Bullying My Story



When I was in school I had a pretty good circle of friends and I loved going to school until I reached the age of 14/15, that was when it went downhill for me. I started making wrong choices becoming friends with the wrong people and just getting into trouble.

I started to get bullied around 14/15 and it was the worst time of my life, I ended up dropping out of school and not going back when I was 16. It was never physical bullying but the verbal bullying hurt more. I would go home most days from school and just sit in my bedroom and cry until I couldn't anymore.

The bullying wasn't just about my appearance or how I dressed, it was general name calling. I was once followed home by a bunch of girls and then threatened to beat me up after school, I would lock my door when I got home every day in case someone could get in.

People think that bullying is just something all kids go through and that it makes people stronger. In fact, it causes more of an adverse affect on their lives later on. In my case, I have depression and self-hate towards the way I look.

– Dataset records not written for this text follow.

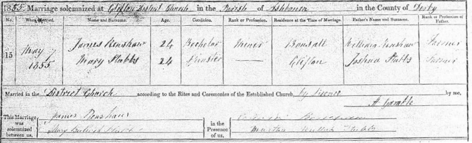 William and Mary Renshaw of Ible in the Parish of Wirksworth. William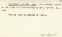 PAVLÁSEK Jaromír 1980 The Tatran flora.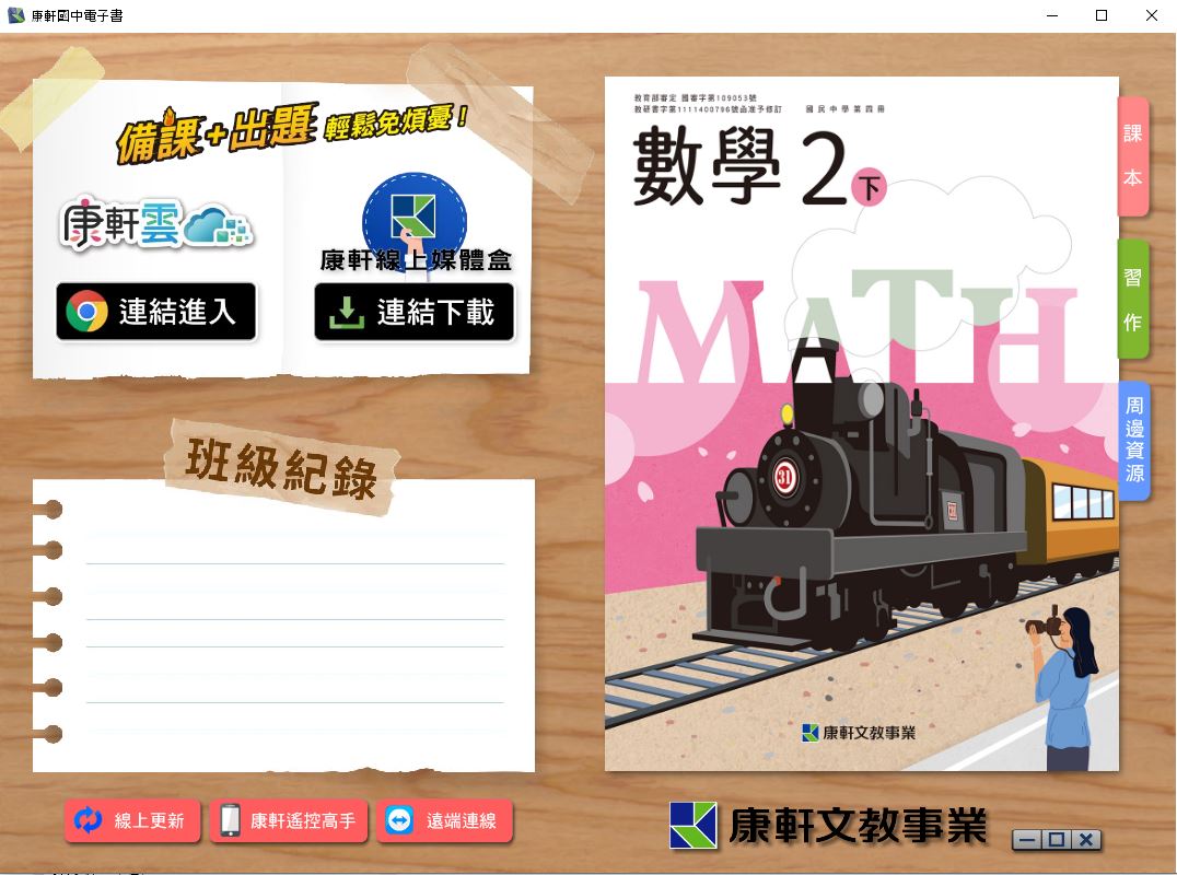 111學年下學期 國中 康軒版 數學電子書 2年級(含課本、習作含解答、教學資源)教學光碟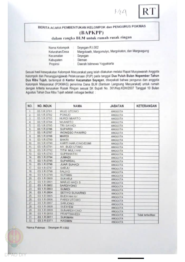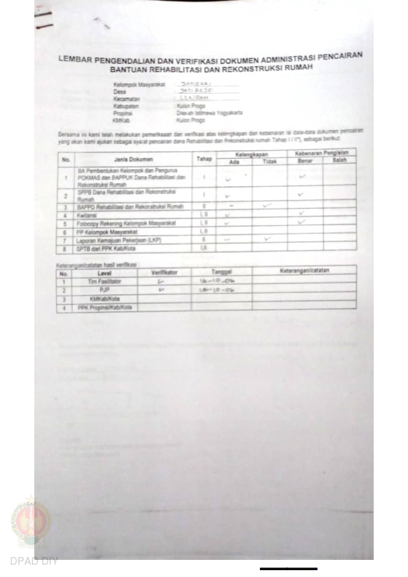 Checklist Kelengkapan Dokumen untuk Pencairan Dana Rehabilitasi dan Rekonstruksi Rumah Rusak Ringan Nama Kelompok Sayegan RT 002, Kel/Desa Margoluwih, Margokaton, Margoagung, Kecamatan Sayegan, Kabupaten Sleman, Propinsi Daerah Istimewa Yogyakarta.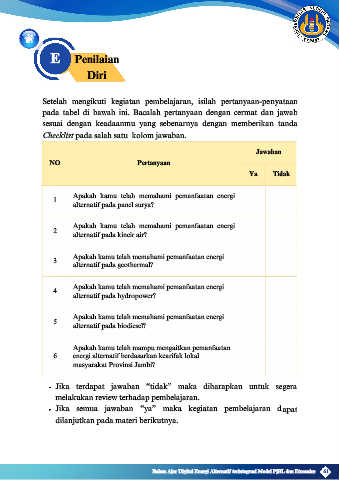 Jika semua jawaban “ya” maka kegiatan pembelajaran dapat
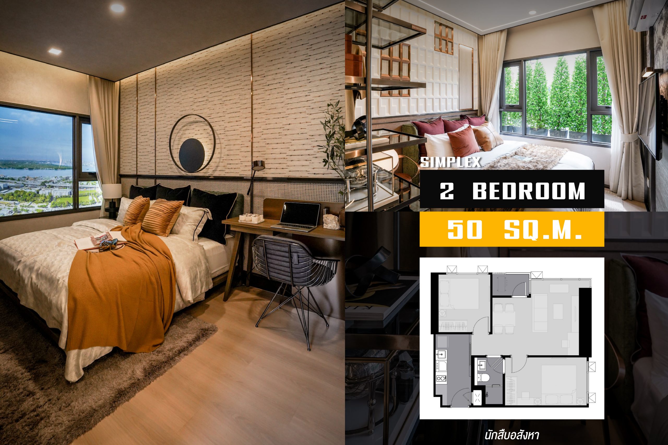 ในส่วนของห้อง SIMPLEX แบบ 2 Bedrooms ขนาดพื้นที่ใช้สอย 50 ตร.ม. จะประกอบไปด้วย ฟังก์ชัน 2 ห้องนอน 1 ห้องน้ำ ซึ่งจะได้รับพื้นที่และห้องนอนที่มากกว่า รองรับสมาชิกได้มากกว่า ไม่สร้างความอึดอัด สามารถอยู่ร่วมกันได้อย่างสะดวกสบาย เหมาะสำหรับการอยู่อาศัยทั้งในรูปแบบคู่รักและรูมเมท ซึ่งถ้าหากต้องการความเป็นส่วนตัว ก็สามารถแยกห้องได้ ในขณะเดียวกัน ก็ยังรู้สึกอบอุ่นใจ เนื่องจากในห้อง ยังมีโซนต่าง ๆ ให้ใช้พื้นที่ร่วมกัน อาทิ ห้องนั่งเล่น ห้องครัว และโซนรับประทานอาหาร เป็นต้นครับ

I wake up every morning hating the way I look because I have the image in my head that everyone is judging me when I walk down the street. I know that they aren't but because of what I have been called in the past it has affected me.

Insecurities rule my life, I hate the way I look, I look through social media and magazines and see all these beautiful girls and think where did I go wrong, why can't I look like that. I wish I had more confidence in myself.

Bullies need to realize what they do to people, not just in the present but in the future.